- [WORK ORDER] Each entry below needs to be transcribed verbatim; the images should not appear.

Extracted records:
########
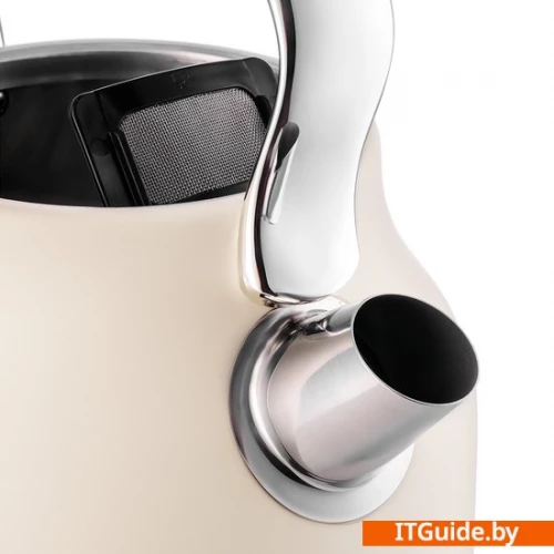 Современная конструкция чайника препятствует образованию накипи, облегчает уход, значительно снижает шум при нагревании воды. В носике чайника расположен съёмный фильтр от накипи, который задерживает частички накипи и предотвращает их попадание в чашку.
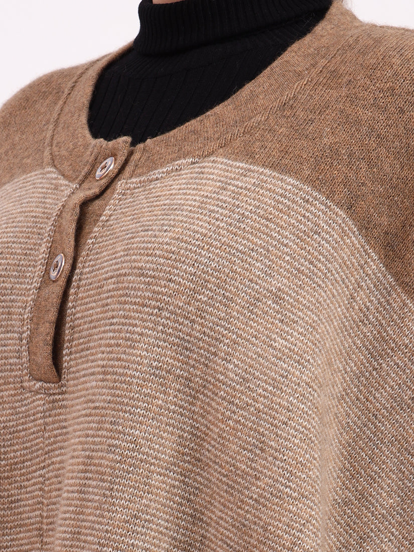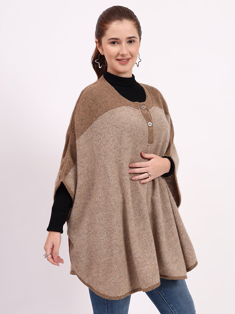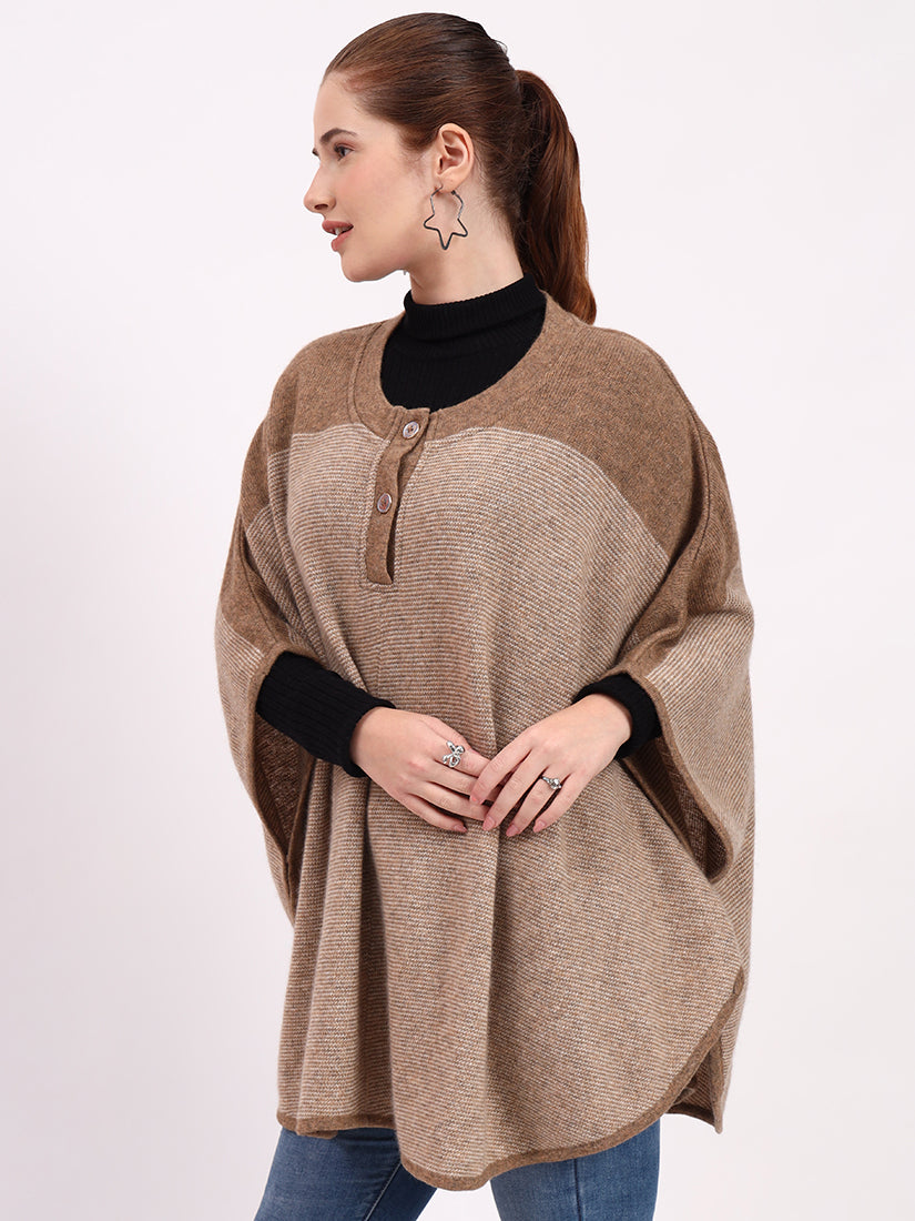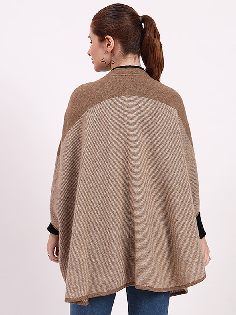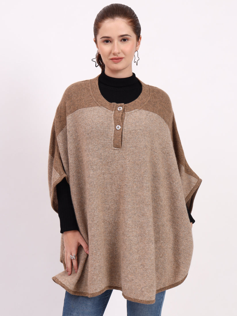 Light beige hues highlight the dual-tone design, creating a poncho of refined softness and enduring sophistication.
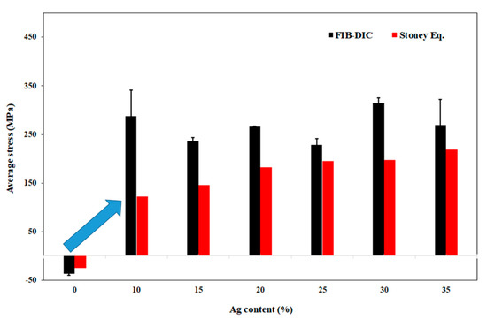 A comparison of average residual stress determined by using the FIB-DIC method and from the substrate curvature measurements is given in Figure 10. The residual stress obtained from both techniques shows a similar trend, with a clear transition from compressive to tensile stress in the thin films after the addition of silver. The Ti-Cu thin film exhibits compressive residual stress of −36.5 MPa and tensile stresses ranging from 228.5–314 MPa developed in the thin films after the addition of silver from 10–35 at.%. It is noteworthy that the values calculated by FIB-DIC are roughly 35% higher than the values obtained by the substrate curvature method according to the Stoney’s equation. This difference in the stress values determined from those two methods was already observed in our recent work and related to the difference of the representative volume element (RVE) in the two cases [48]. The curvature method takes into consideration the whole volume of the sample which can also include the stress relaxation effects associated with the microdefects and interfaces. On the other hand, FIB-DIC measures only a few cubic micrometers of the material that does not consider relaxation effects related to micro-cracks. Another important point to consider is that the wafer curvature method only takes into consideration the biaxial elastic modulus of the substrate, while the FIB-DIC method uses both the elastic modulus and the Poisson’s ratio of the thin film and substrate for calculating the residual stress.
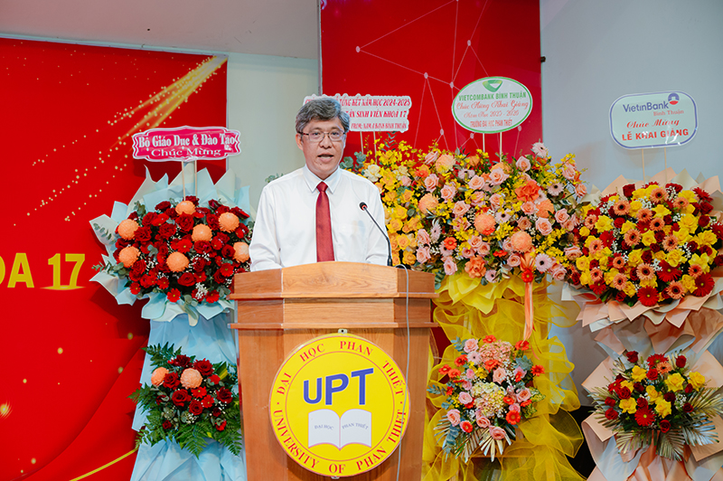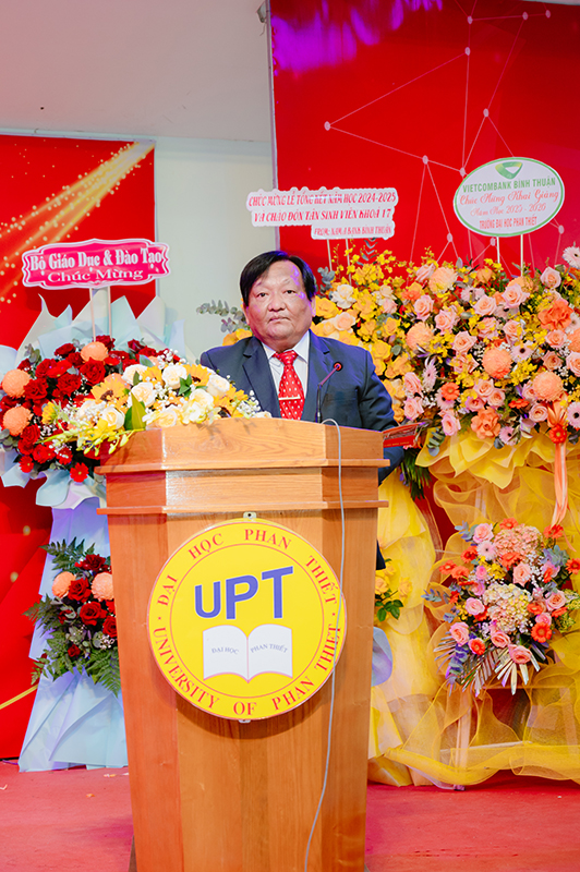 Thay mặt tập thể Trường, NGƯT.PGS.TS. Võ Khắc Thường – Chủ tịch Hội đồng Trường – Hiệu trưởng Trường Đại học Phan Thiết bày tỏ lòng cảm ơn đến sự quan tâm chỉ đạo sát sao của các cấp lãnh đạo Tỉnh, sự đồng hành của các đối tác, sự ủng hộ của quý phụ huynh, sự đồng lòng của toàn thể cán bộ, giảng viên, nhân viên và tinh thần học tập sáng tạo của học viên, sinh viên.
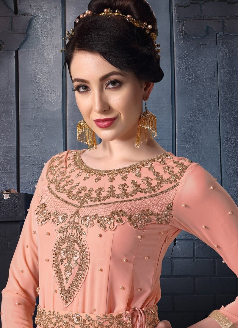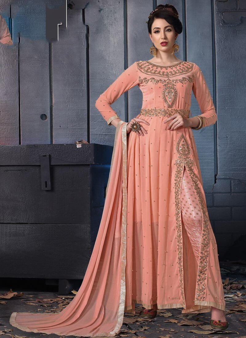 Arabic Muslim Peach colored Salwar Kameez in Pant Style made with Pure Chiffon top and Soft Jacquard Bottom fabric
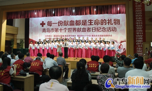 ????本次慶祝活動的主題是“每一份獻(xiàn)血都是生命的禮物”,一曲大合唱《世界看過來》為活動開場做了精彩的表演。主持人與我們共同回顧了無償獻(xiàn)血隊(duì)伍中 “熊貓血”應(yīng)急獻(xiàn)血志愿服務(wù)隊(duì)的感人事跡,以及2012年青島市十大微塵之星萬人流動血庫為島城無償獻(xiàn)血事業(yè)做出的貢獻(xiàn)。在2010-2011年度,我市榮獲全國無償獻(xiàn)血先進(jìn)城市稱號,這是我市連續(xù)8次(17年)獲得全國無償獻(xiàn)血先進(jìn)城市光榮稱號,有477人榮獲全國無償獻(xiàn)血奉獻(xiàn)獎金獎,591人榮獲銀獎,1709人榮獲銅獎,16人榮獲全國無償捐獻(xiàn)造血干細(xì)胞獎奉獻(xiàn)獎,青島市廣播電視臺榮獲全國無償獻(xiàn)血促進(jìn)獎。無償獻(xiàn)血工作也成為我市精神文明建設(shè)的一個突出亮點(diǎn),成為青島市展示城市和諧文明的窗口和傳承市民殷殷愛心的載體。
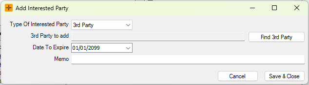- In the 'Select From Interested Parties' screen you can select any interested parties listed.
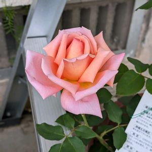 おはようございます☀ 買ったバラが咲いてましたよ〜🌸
########
- [TASK SOLUTION]
 Современная конструкция чайника препятствует образованию накипи, облегчает уход, значительно снижает шум при нагревании воды. В носике чайника расположен съёмный фильтр от накипи, который задерживает частички накипи и предотвращает их попадание в чашку.
 Light beige hues highlight the dual-tone design, creating a poncho of refined softness and enduring sophistication.
 A comparison of average residual stress determined by using the FIB-DIC method and from the substrate curvature measurements is given in Figure 10. The residual stress obtained from both techniques shows a similar trend, with a clear transition from compressive to tensile stress in the thin films after the addition of silver. The Ti-Cu thin film exhibits compressive residual stress of −36.5 MPa and tensile stresses ranging from 228.5–314 MPa developed in the thin films after the addition of silver from 10–35 at.%. It is noteworthy that the values calculated by FIB-DIC are roughly 35% higher than the values obtained by the substrate curvature method according to the Stoney’s equation. This difference in the stress values determined from those two methods was already observed in our recent work and related to the difference of the representative volume element (RVE) in the two cases [48]. The curvature method takes into consideration the whole volume of the sample which can also include the stress relaxation effects associated with the microdefects and interfaces. On the other hand, FIB-DIC measures only a few cubic micrometers of the material that does not consider relaxation effects related to micro-cracks. Another important point to consider is that the wafer curvature method only takes into consideration the biaxial elastic modulus of the substrate, while the FIB-DIC method uses both the elastic modulus and the Poisson’s ratio of the thin film and substrate for calculating the residual stress.
 Thay mặt tập thể Trường, NGƯT.PGS.TS. Võ Khắc Thường – Chủ tịch Hội đồng Trường – Hiệu trưởng Trường Đại học Phan Thiết bày tỏ lòng cảm ơn đến sự quan tâm chỉ đạo sát sao của các cấp lãnh đạo Tỉnh, sự đồng hành của các đối tác, sự ủng hộ của quý phụ huynh, sự đồng lòng của toàn thể cán bộ, giảng viên, nhân viên và tinh thần học tập sáng tạo của học viên, sinh viên.
 Arabic Muslim Peach colored Salwar Kameez in Pant Style made with Pure Chiffon top and Soft Jacquard Bottom fabric
 ????本次慶祝活動的主題是“每一份獻(xiàn)血都是生命的禮物”,一曲大合唱《世界看過來》為活動開場做了精彩的表演。主持人與我們共同回顧了無償獻(xiàn)血隊(duì)伍中 “熊貓血”應(yīng)急獻(xiàn)血志愿服務(wù)隊(duì)的感人事跡,以及2012年青島市十大微塵之星萬人流動血庫為島城無償獻(xiàn)血事業(yè)做出的貢獻(xiàn)。在2010-2011年度,我市榮獲全國無償獻(xiàn)血先進(jìn)城市稱號,這是我市連續(xù)8次(17年)獲得全國無償獻(xiàn)血先進(jìn)城市光榮稱號,有477人榮獲全國無償獻(xiàn)血奉獻(xiàn)獎金獎,591人榮獲銀獎,1709人榮獲銅獎,16人榮獲全國無償捐獻(xiàn)造血干細(xì)胞獎奉獻(xiàn)獎,青島市廣播電視臺榮獲全國無償獻(xiàn)血促進(jìn)獎。無償獻(xiàn)血工作也成為我市精神文明建設(shè)的一個突出亮點(diǎn),成為青島市展示城市和諧文明的窗口和傳承市民殷殷愛心的載體。
- In the 'Select From Interested Parties' screen you can select any interested parties listed.
 おはようございます☀ 買ったバラが咲いてましたよ〜🌸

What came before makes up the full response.